Advances in Geosciences (Jan 2005)
Spatial modelling of air pollution in urban areas with GIS: a case study on integrated database development
Abstract
A wide range of data collected by monitoring systems and by mathematical and physical modelling can be managed in the frame of spatial models developed in GIS. In addition to data management and standard environmental analysis of air pollution, data from remote sensing (aerial and satellite images) can ehance all data sets.
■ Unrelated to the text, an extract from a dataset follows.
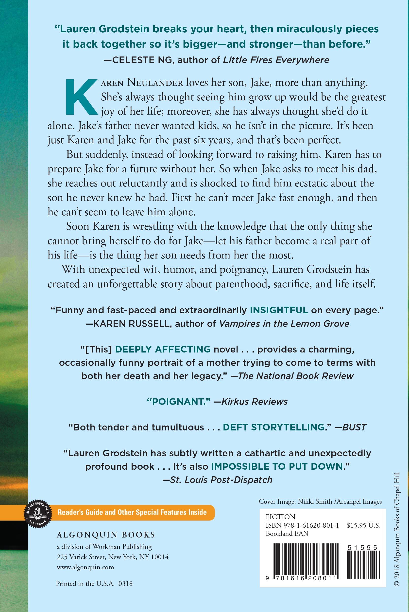 As she struggles to play out her last days in the “right” way for Jake, Karen wrestles with the knowledge that the only thing she cannot bring herself to do for her son—let his father become a permanent part of his life—is the thing he needs from her the most. With heart-wrenching poignancy, unexpected wit, and mordant humor, Lauren Grodstein has created an unforgettable story about parenthood, sacrifice, and life itself.

In spite of the fact that simulation of air pollutant distribution is carried out by standalone computer systems, the spatial database in the framework of the GIS is used to support decision-making processes in a more efficient way. Mostly, data are included in the map layers as attributes. Other map layers are carried out by the methods of spatial interpolation, raster algebra, and case oriented analysis. A series of extensions is built into the GIS to adapt its functionality. As examples, the spatial models of a flat urban area and a street canyon with extensive traffic polluted with NOx are constructed. Different scales of the spatial models require variable methods of construction, data management, and spatial data sources. The measurement of NOx and O3 by an automatic monitoring system and data from the differential absorption LIDAR are used for investigation of air pollution. Spatial data contain digital maps of both areas, complemented by digital elevation models. Environmental analyses represent spatial interpolations of air pollution that are displayed in horizontal and vertical planes. Case oriented analyses are mostly focused on risk assessment methods. Finally, the LIDAR monitoring results and the results obtained by modelling and spatial analyses are discussed in the context of environmental management of the urban areas. The spatial models and their extensions are developed in the framework of the ESRI's ArcGIS and ArcView programming tools. Aerial and satellite images preprocessed by the ERDAS Imagine represent areas of Prague.